6 Seasons of CallingÖrnek

6 Seasons of Calling

7 günden 5. gün

Called To Be a Mentor

In his stern but vulnerable letter to the Corinthian church, Paul offers a series of challenges responding to immature decisions he has heard they have been making. Yet in it, the heart of a true mentor is unveiled. In this particularly vivid line, he defines his own role and responsibility to them: “I am writing this not to shame you but to warn you as my dear children. Even if you had ten thousand guardians in Christ, you do not have many fathers, for in Christ Jesus I became your father through the gospel. Therefore I urge you to imitate me” (1 Cor. 4:14–16).

We need spiritual mothers and fathers, which means we all need to also become one.

The wise painters, who have pioneered a new style of painting, will not spend their Day 5 selling their paintings; they will spend it teaching that style to a new generation of young painters. In turn, the world will not just have a few more paintings with that strange new style; it will be filled with painters filling the world with paintings inspired by it. This is the economy of scale, and is at the heart of the impact that will most move us in Day 5.

One of the perils of a culture that glorifies perpetual youth is that we resist gifts of growing older. To give away the spoils of Day 4 should be an occasion for celebration. To take the role of mentor is a psychosocial, even a spiritual, promotion. But because of our fetish for youth, we can resist this new identity. We might be tempted to hold on too long to what we worked so hard to gain in Day 4. Our money, position, title, influence, networks, even the intellectual property of experiential learning, can become stagnant in Day 5 if we refuse to give them away. We hang on too long to our rainmaker identities because we have wrongly believed that those years of creative productivity are simply better.

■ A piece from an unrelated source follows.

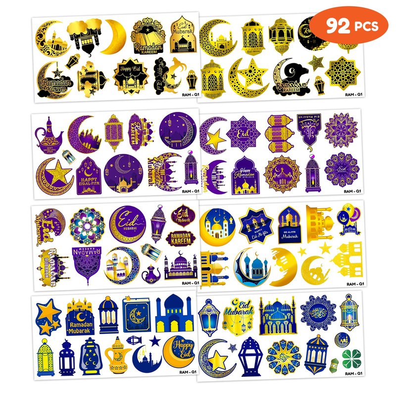 - Happy Eid Al Adha Ramadan Kareem Eid Mubarak Party Decoration: The set contains instructions for use and is easy to use. Happy Ramadan tattoo stickers can be applied on arms, face, hands, neck, shoulders, legs, wrists and ankles to make you look cool at all kinds of parties. Popular hit with your kids. You can apply them to your body or some smooth objects, for example, glass, stationery, paper, crafts cups, cabinet, bottle.

We still have 10,000 guardians who might have an opinion on our behavior, but we do not have enough spiritual parents. This is the role of the mentor, and it is best embodied on Day 5. If we have been blessed to have men and women in our lives who have filled this role, then we will know just how important it is. If, on the other hand, we have looked in vain for such a person, only now to find ourselves on the precipice of fifty, it is time to lay that down and be for others what we did not have ourselves. In Day 5, we find that who we are called to be is in short supply and just what a world of spiritual orphans most needs.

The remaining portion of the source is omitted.